RAW DATA:
▼▼▼

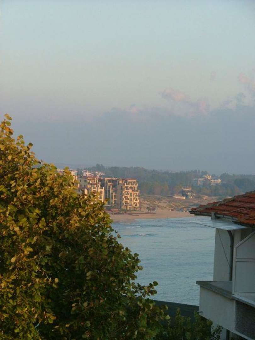 Blick vom Hotel Andonov auf Meer und Strand
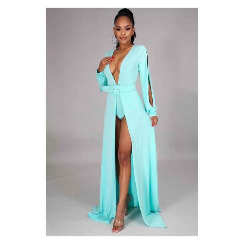 Maxi traje de baño vestido manga larga aberturas en los brazos puños abertura al frente incluye cinturon .
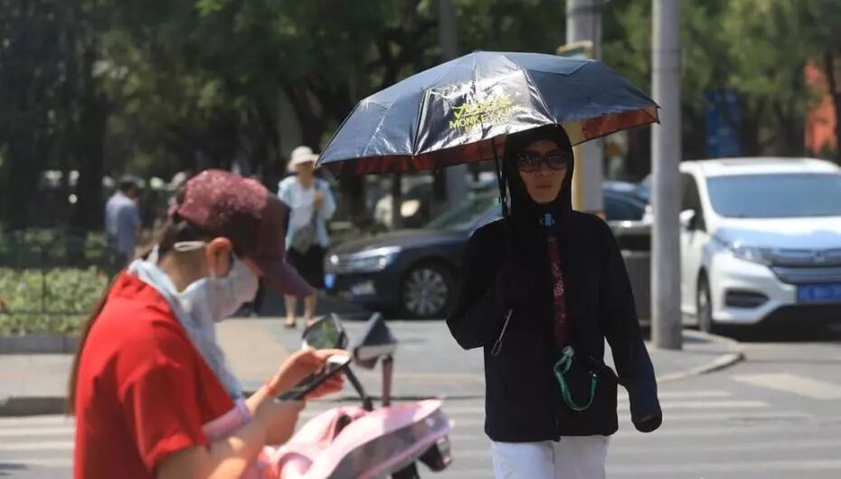 7月4日,北京高温黄色预警已连发四天,局地气温高达40℃。图为北京街头,一位女士紧裹全身行走在烈日下。图/中新网

▲▲▲

THE PROBLEM: Every line above goes into the copy unchanged; the pictures do not.

COMPLETED EXERCISE:
 Blick vom Hotel Andonov auf Meer und Strand
 Maxi traje de baño vestido manga larga aberturas en los brazos puños abertura al frente incluye cinturon .
 7月4日,北京高温黄色预警已连发四天,局地气温高达40℃。图为北京街头,一位女士紧裹全身行走在烈日下。图/中新网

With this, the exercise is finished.